The object system provides a set of built-in method combination types. To specify that a generic function is to use one of these method combination types, the name of the method combination type is given as the argument to the :method-combination option to defgeneric or to the :method-combination option to any of the other operators that specify generic function options.

The names of the built-in method combination types are listed in Figure 7--3.

+ append max nconc progn and list min or standard

Figure 7--3: Built-in Method Combination Types

The semantics of the standard built-in method combination type is described in section Standard Method Combination. The other built-in method combination types are called simple built-in method combination types.

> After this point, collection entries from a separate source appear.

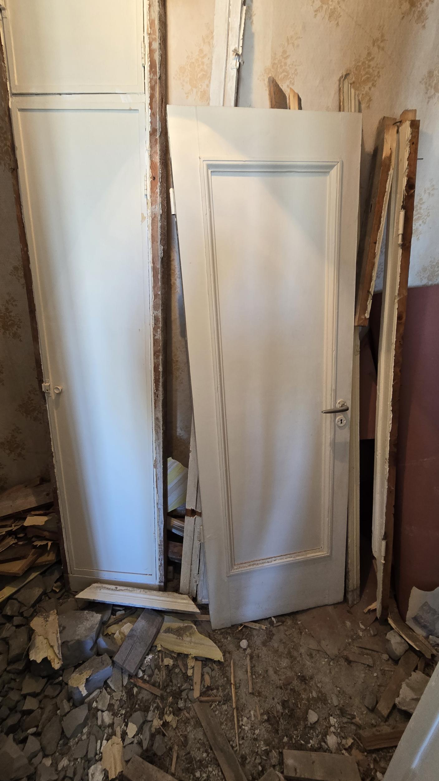 7. Kaks siseukse lehte koos lahti lõhutud raamidega
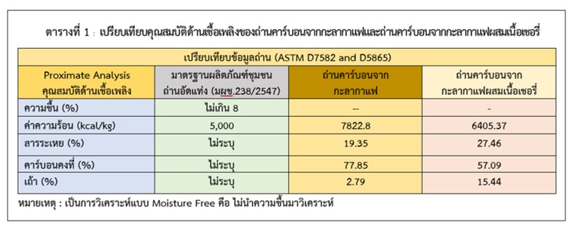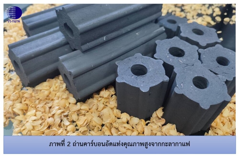“ศูนย์เชี่ยวชาญนวัตกรรมหุ่นยนต์และเครื่องจักรกลอัตโนมัติ (ศนย.) สถาบันวิจัยวิทยาศาสตร์และเทคโนโลยีแห่งประเทศไทย (วว.) จึงได้วิจัยและพัฒนา “เทคโนโลยีผลิตถ่านคาร์บอนจากของเหลือทิ้งกาแฟ” เพื่อนำของเหลือทิ้งมาใช้ประโยชน์ แทนที่จะปล่อยให้เป็นภาระต่อสิ่งแวดล้อมและชุมชน โดยเฉพาะกะลากาแฟซึ่งมีคุณสมบัติที่เหมาะสมในการแปรรูปเป็นถ่านคาร์บอน มีคุณสมบัติ ให้ความร้อนสูง ติดไฟง่าย เผาไหม้ได้นาน ไม่แตกประทุและไม่มีควัน”
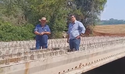 Airton Agnolin, prefeito de Nova Cantu, ao anunciar, ao lado do prefeito Vivaldo Lessa (Roncador) que a obra da ponte sobre o rio Azul, no limite dos dosi municípios, atrasou, mas está sendo retomaada e será concluída nos próximos dias; em video gravado sobre a ponte e postado nas redes sociais.
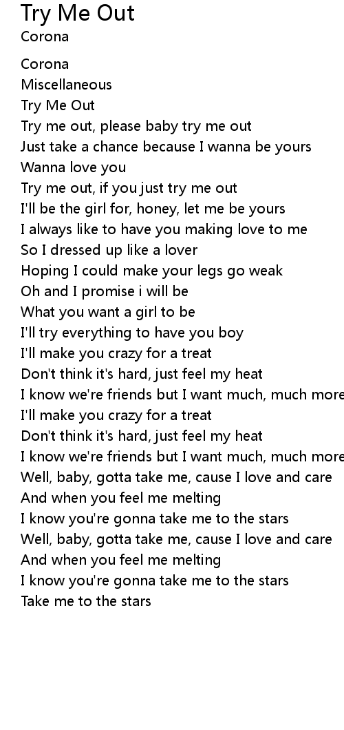 Try me out, please baby try me out |
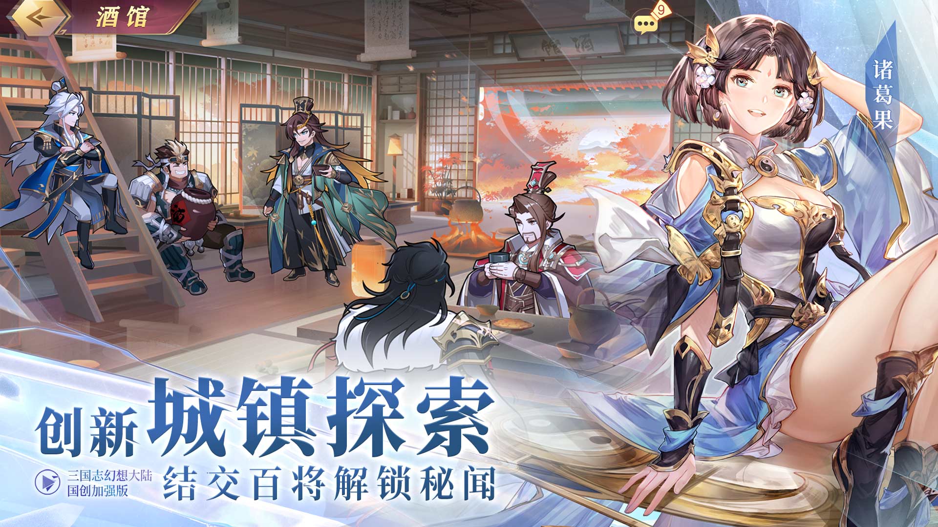 纷纷扰扰三国一梦,再启波澜壮阔幻想之旅。 高颜值国创卡牌《三国志幻想大陆》融汇幻想与历史,重构有温度的三国世界。多种革新玩法,一键零损换将,养成资源都能继承,新武将抽到就能上场。告别品阶碾压,全系武将都能觉醒至无双,你喜欢的都能成为C位! 【幻想三国 清河烟火】 三国武将齐聚清河郡,探索百将相伴的理想乡 小酒馆,与桃园三杰不醉不归;舞台下,一赏江东芳心纵火团的歌喉;温泉里,遇见沉迷搓澡的曹氏一家; 作为清河郡的小将军,你可以与心仪武将出游探险、温泉泡澡,更多惊喜与秘闻亟待你来发现 【武将觉醒 人人无双】 人人都能主宰战场,你喜欢的都能成为C位 打破初始品阶限制,无论良将神将,都能焕发更强力量,提升至无双品阶 乱世之中名留青史者,都是任你招募的豪杰 【新将入阵 直接上场】 新阵容新武将零负担尝试,养成继承不用重新培养 首创“零损换将”机制,上阵武将的等级装备都能全员共享 心仪武将即刻上阵与你并肩作战,尽情沉浸幻想冒险 【跨国搭配 随心应敌】 三国武将们联手出击,羁绊自由组合华丽共斗 过往的相逢恨晚、一生之敌、君臣挚友,都能突破阵营桎梏,此刻化作更强战力。 灵活运用计策,巧妙搭配阵容,解开笼罩三国的层层谜团。

The simple built-in method combination types act as though they were defined by the short form of define-method-combination. They recognize two roles for methods:

*
An around method has the keyword symbol :around as its sole qualifier. The meaning of :around methods is the same as in standard method combination. Use of the functions call-next-method and next-method-p is supported in around methods.
*
A primary method has the name of the method combination type as its sole qualifier. For example, the built-in method combination type and recognizes methods whose sole qualifier is and; these are primary methods. Use of the functions call-next-method and next-method-p is not supported in primary methods.

The semantics of the simple built-in method combination types is as follows:

*
If there are any around methods, the most specific around method is called. It supplies the value or values of the generic function.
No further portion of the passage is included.